No-Neck Blues Band & Embryo - EmbryoNNCK (Staubgold LP)
One of the best early surprises of this year was the news that the modern-day psychonauts NNCK were to be teaming up with latter-day psychonauts Embryo for an LP on Staubgold. If you've heard or saw anything the No-Neck Blues Band were responsible for in the past few years, you'll be solidly behind me when I say that they are one of the most interesting and creative groups currently out there (I mean that in both ways). The decade-old collective appear to be at the height of their creative unity. So it was interesting to me to see what kind of new ideas would flourish once I heard about this collaboration. And it does not disappoint.

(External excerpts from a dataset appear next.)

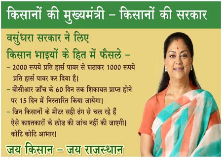 अजमेर, 18 फरवरी। मुख्यमंत्री श्रीमती वसुन्धरा राजे द्वारा कृषि बिजली की दरें घटाने सहित प्रदेश के किसानों को कई सौगातें दी गई हैं। किसानों को अब पूर्ववर्ती दर 90 पैसे प्रति यूनिट की दर से ही बिजली मिलेगी और फ्लैट रेट भी 120 के स्थान पर 85 रुपये प्रति एचपी ही होगी। राजस्थान विद्युत विनियामक आयोग द्वारा कृषि विद्युत कनेक्शन की नई दरों का बढ़ा हुआ भार अब राज्य सरकार वहन करेगी। मुख्यमंत्री ने किसानों को राहत देते हुए और कई घोषणाएं की हैं। अजमेर शहर भाजपा के सभी नेताओं ने मुख्यमंत्री की इन घोषणाओं का स्वागत किया है। उन्होंने कहा कि यह एक क्रान्तिकारी फैसला है। इससे किसानों को बड़े पैमाने पर राहत मिलेगी।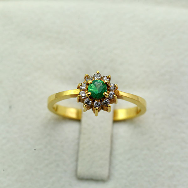 22K Gold Ring Set with 1 Natural Emerald and Natural White Sapphires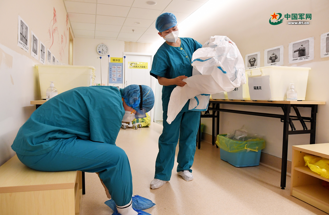 进入病房前,路美(右一)认真准备防护装具。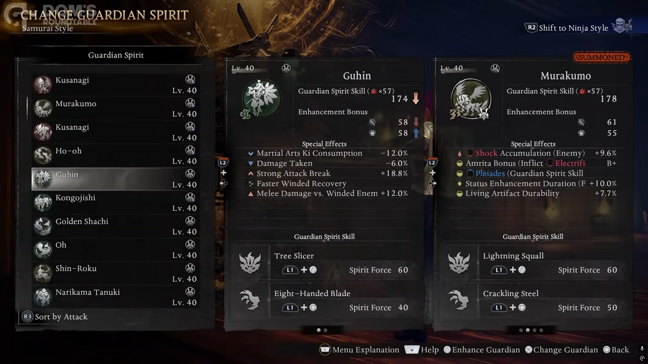 - You can equip one Guardian Spirit for each combat style in Nioh 3, so you can tailor Living Weapon setups separately for Samurai and Ninja.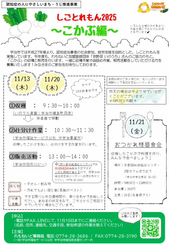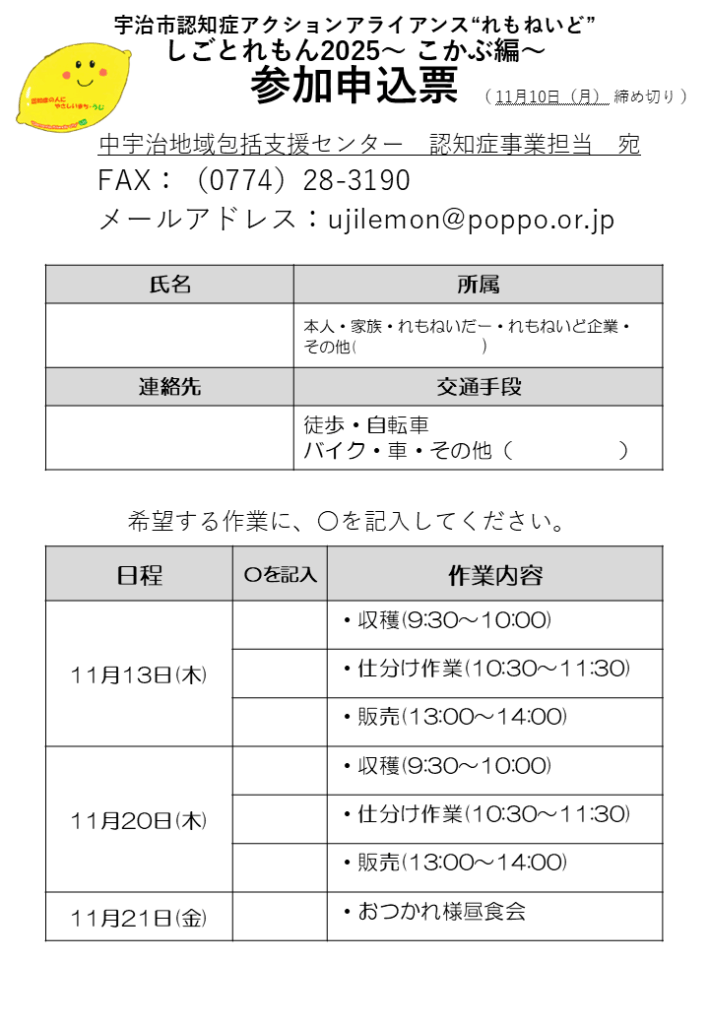 「れもねいど事務局」 電話:0774-28-3686 FAX:0774-28-3190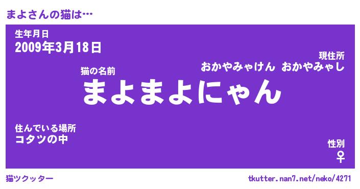 | 2回繰り返すあだ名 | 『まよまよ』『ままよよ』『にたにた』 |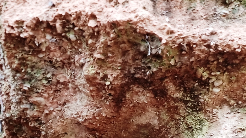 C’est une roche qui est sédimentaire car elle s’est formée au départ de galets et de sédiments, apportés par une rivière qui coulait là il y a très longtemps dans la région de Prüm en Allemagne, et qui se sont déposés en couches successives. C’est aussi le seul poudingue de Belgique de type continental ( les autres poudingues visibles en Belgique sont d’origine marine avec des galets plus arrondis ).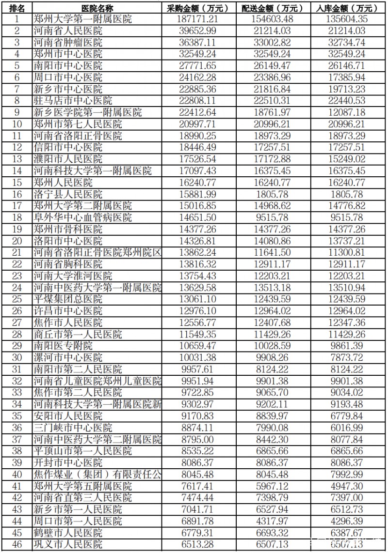 此外,河南省公共资源交易中心还发布了采购金额排名前100的医疗机构、供货金额排名前100的生产企业、配送金额排名前100的经营企业。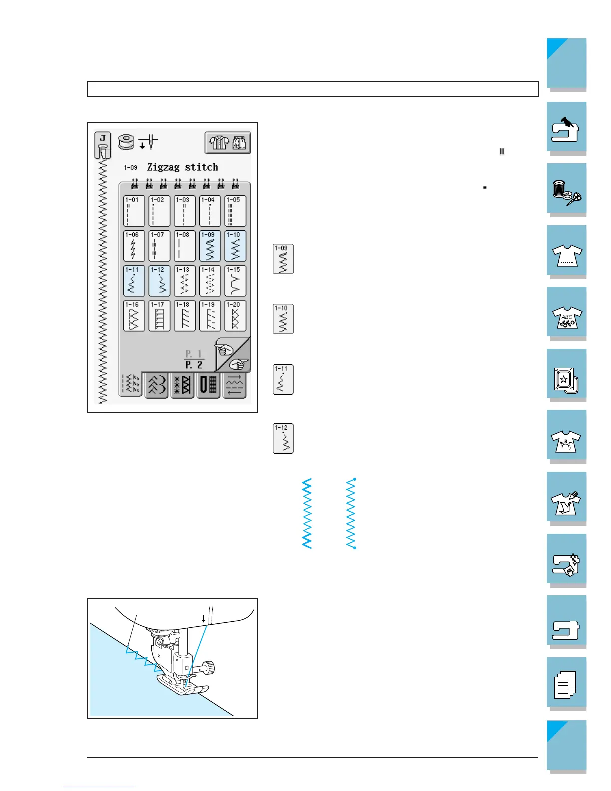 Zigzag stitches are useful for overcasting, appliqué, patchwork, and many other applications.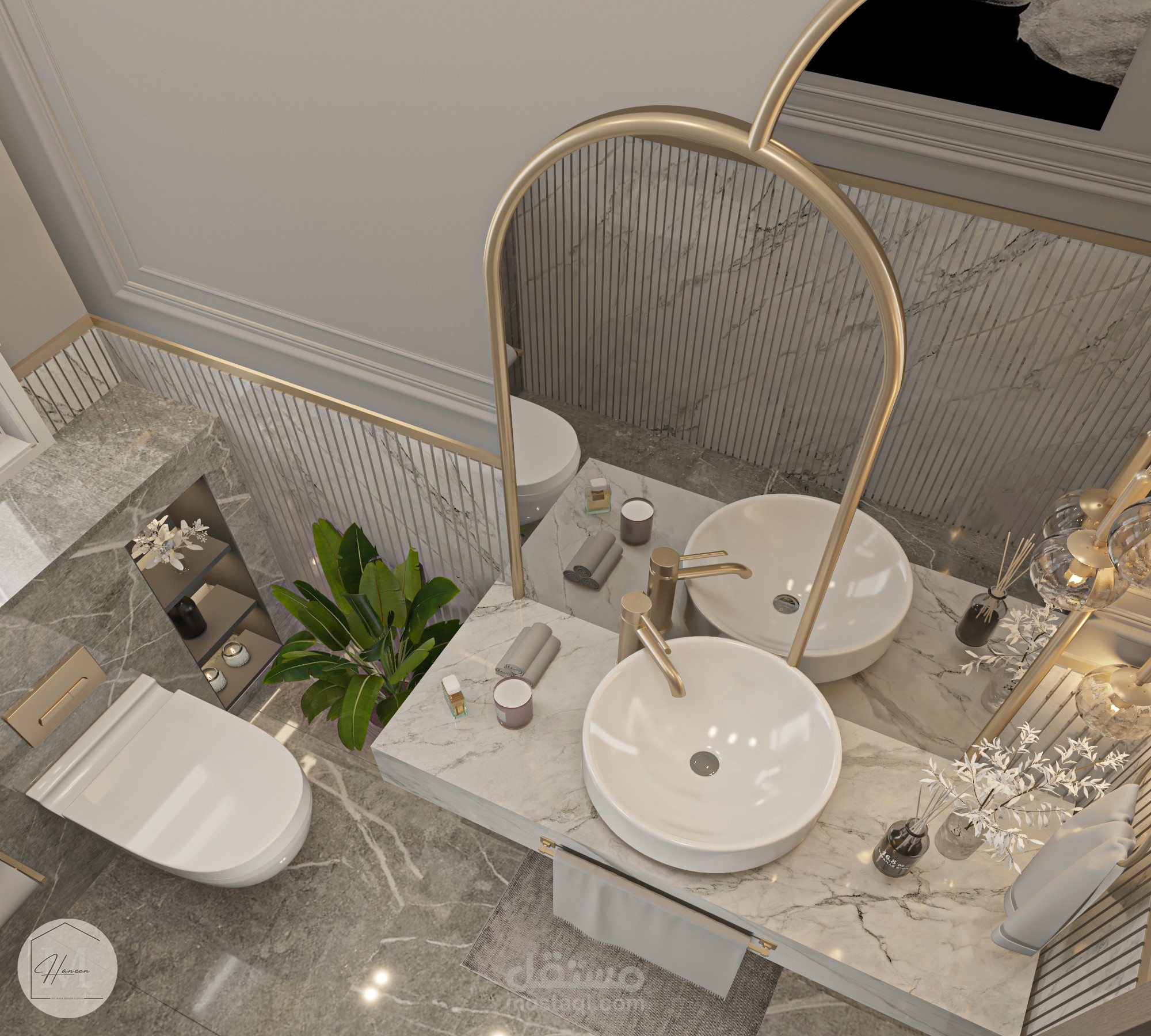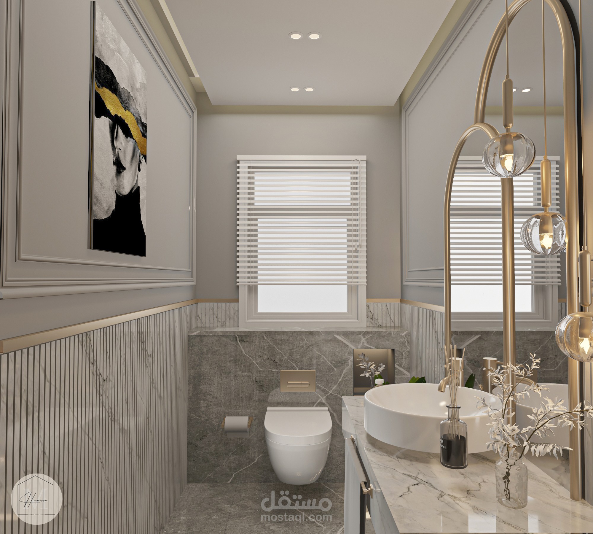 حمام ضيوف عصري بألوان متناغمة بما يتناسب مع ذوق العميل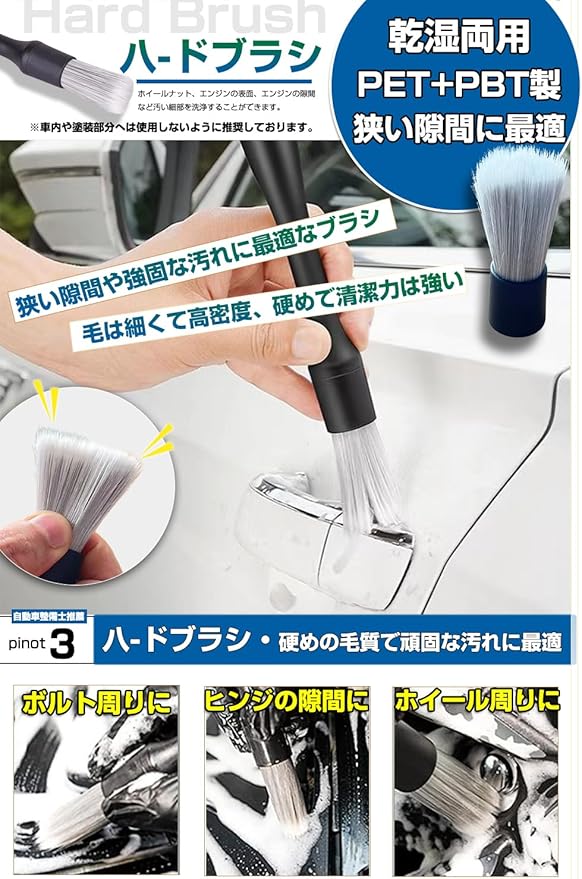 【自動車整備士推薦 5種類 5本セットの洗車ブラシ】:✅【ソフトブラシ】: 柔らかいブラシを使用すると、傷を効果的に防ぐことができます。✅【ミディアムブラシ】: 豚毛ブラシ。主に車のロゴ、車のグリル、ヘッドライトの隙間、車体の隙間などのやや硬い部分の清掃に使用されます。✅【ハードブラシ】: ハードの洗車ブラシで狭い隙間や強固な汚れに最適なブラシ。✅【マイクロブラシ】:車のエンブレム、レター、ヘッドライトの隙間、車体の隙間など汚れをピンポイントで除去できます。✅【ソフトブラシ車内用】主にエアコンの出口、ハンドルの隙間、シートの隙間、革の表面などに使用できます。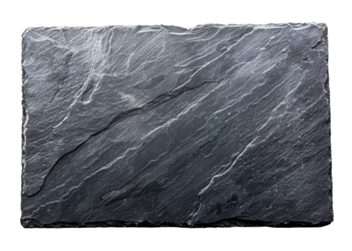 A piece of gray schist rock with white stripes isolated on transparent background, showcasing its metamorphic texture and geological formation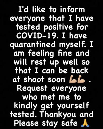 रकुल प्रीत सिंगने सोशल मीडियावर पोस्ट शेअर केली आहे की, मला कोरोनाची लागण झाली असून माझी प्रकृती चांगली आहे. माझ्या संपर्कात आलेल्या सगळ्यांनी कोरोनाची टेस्ट करून घ्यावी...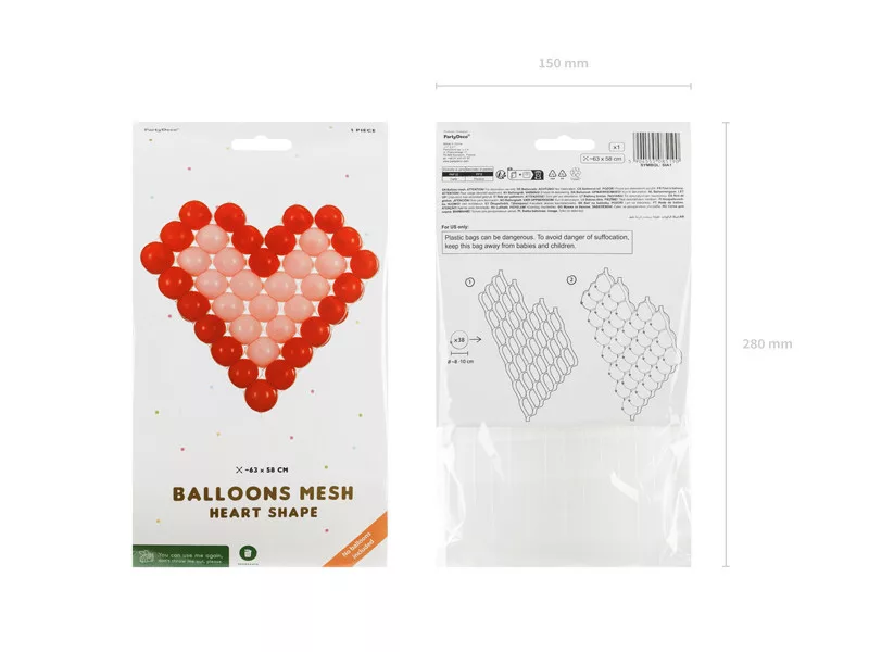 Egy igazán látványos és romantikus dekoráció, amit te magad is könnyedén elkészíthetsz! Ez az áttetsző műanyagból készült szív alakú lufiháló akár 38 darab mini lufit is megtart, így tökéletes választás esküvőkre, valentin-napra, eljegyzési bulira, vagy akár egy szívhez szóló anyák napi dekorációhoz.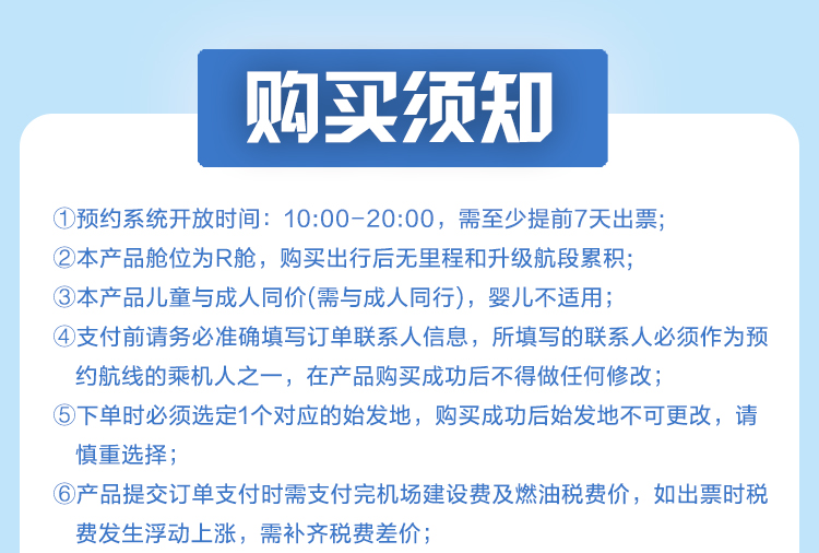 4. 请您在购买产品时填写正确的旅客信息及联系信息,如因您提供的信息有误,导致客票不能成行或无法接收航班变动信息等情况,本站不承担任何责任。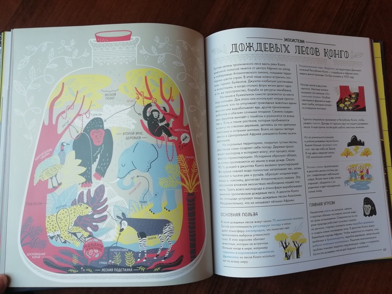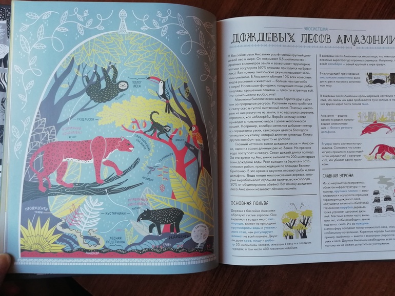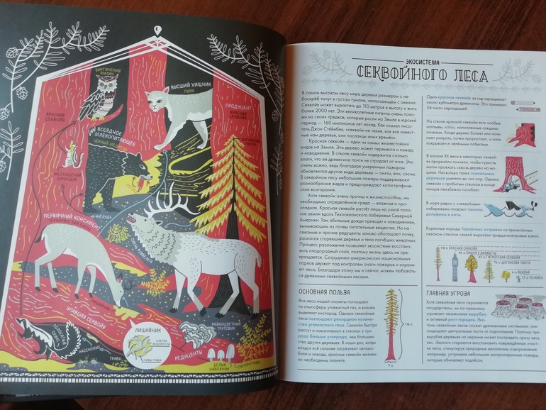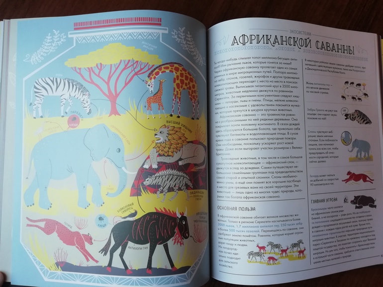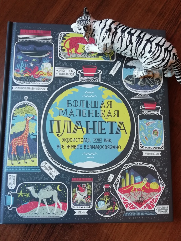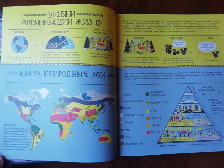 Первый раз мы в книге прочитали про организацию уровней жизни. Было интересно и познавательно. На этом же развороте мы изучили карту природных зон, предположили где могут обитать кошки. Дальше разговор пошел об экосистемах. Конечно, само понятие экосистемы было Ксюше незнакомо и я ее с ним познакомила. Мы поговорили о том, как живые организмы взаимодействуют друг с другом, поговорили о важности каждого организма и его ценности для экосистемы.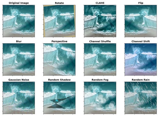 For example, when initially training the AI-based model, it struggled with oblique images. Thus, perspective transforms and translations were introduced as augmentations schemes. Some examples of data augmentation are provided in Figure 5 through the ‘albumentations’ python library []. Additionally, it was found that introducing random shadows, and random rain and fog, were useful for mitigating issues illustrated in Figure 3. Systematic inaccuracies were also found in images where the beach occupied a large portion of the image. These problems were mitigated through the comprehensive augmentation scheme, as described in Table 2. For example, to generalize to domains consisting of rocky outcrops we found techniques such as channel shuffling and channel shifting (constant value is added to each channel) as the most effective augmentation technique. While the training dataset does consist of rip currents within proximity to rocky outcrops, we found it would fail in almost all instances where rocky outcrops or dark objects occurred within the test dataset. We find that the channel shuffling and shifting reduces the importance of background color to the CNN, thus helping it generalize better. Additionally, the introduction of the perspective transformations dramatically improved the model accuracy and its ability to localize rip currents that were from oblique angles. Perspective transformations aim to distort the view of the original images so that we can synthetically generate these images from an alternative perspective. Overall, we found this augmentation to be the most important for model generalization.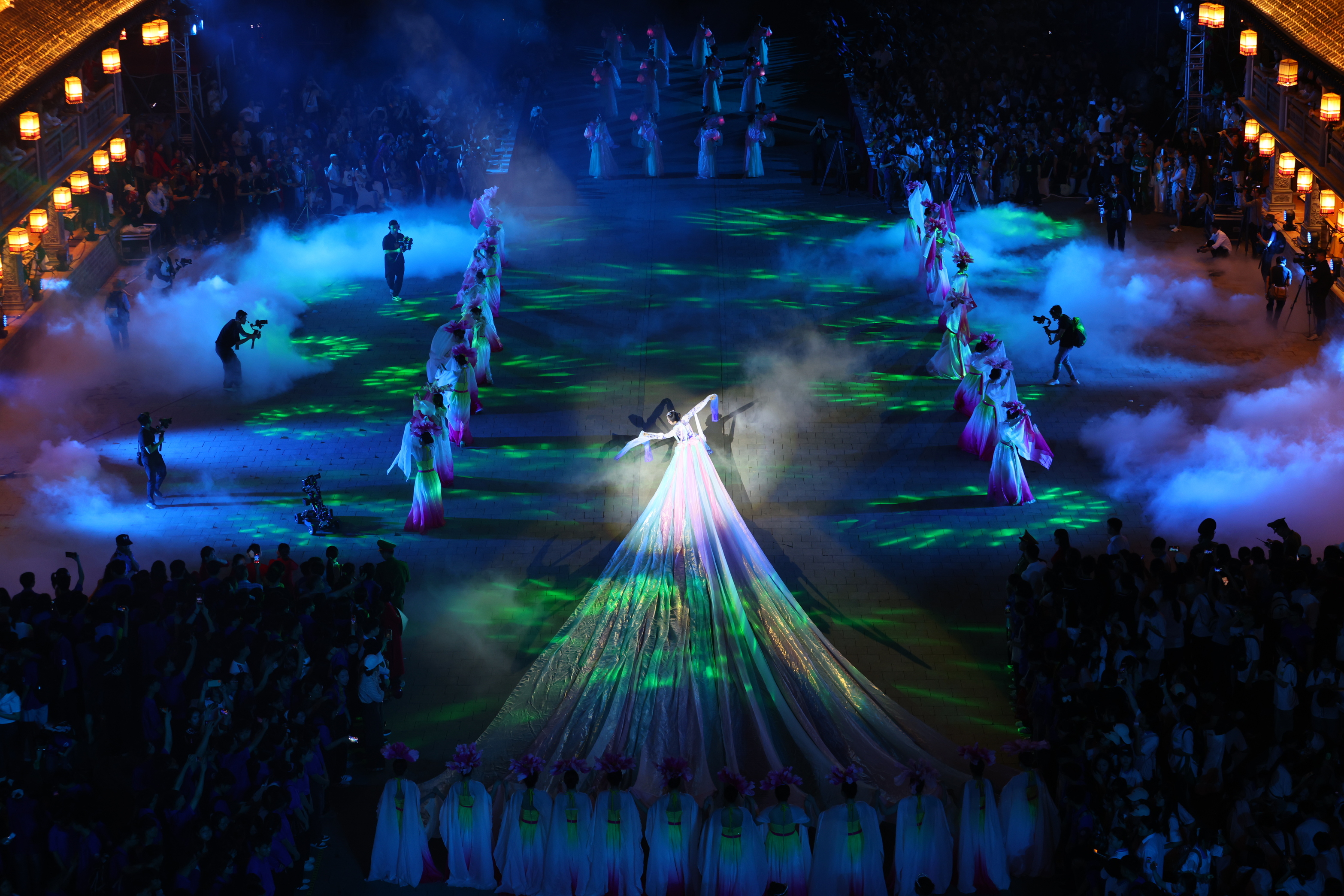Over 90 minutes, more than 2,500 artists, actors, and performers transported the audience back to the origins of national history. The program unfolded seamlessly through four chapters: Van Co Anh Linh, Dai Co Viet Khai Quoc, Huyen Thien Co Dan, and Hoi Yen Hoa Tien.

"EmbryoNNCK" lasts about 45 minutes on record, but the tracks on here are all so tight and of single-vision that I have to wonder if the two groups weren't secretly practicing with each other for months straight, living together, driving each other to soccer practice, etc. I'm sure there's tons of tape left on the recording room floor, but still - these two units sound like they were made for eachother. It's as perfect a krautrock and New Weird America cross-pollination as one could hope for (sorry Acid Mothers Gong!). An absurd amount of instruments (probably communal) frolick and roll over eachother creating numbers ripe with jubilation and ecstacy. Tribal drumthumps, flutes, horns, gamelan (?), piano, marimbas, various noisemakers and even the ol' bass and guitars put in an appearance or two. "Die Farbe Aus Dem All", "After Marja's Cats" and "Five Grams of the Widow" are all pure freaked-out psych-cum-kraut-cum-pop perfection. Things remain all the more captivating when the group slow it down a touch on the distinctly Asian-sounding "Zweiter Sommer", with all its whistling and chanting sounding like something off one of those Sub Rosa "Tibetan Buddhist Rites from the Monasteries of Bhutan" compilations. The last song is a jammer in every sense of its 13 minutes with babbling vocals over a racing drum beat and plucked guitar and violin (?) lines.
All in all this album sounds like something 60/70's psych folkheros like Siloah and Cromagnon couldn't accomplish with all the acid in the world (not for wont of trying, though). "EmbryoNNCK" sounds like the absolute best lost, unearthed psych record not to be released in the genre's golden era. And that's the best compliment I personally can pay these dudes.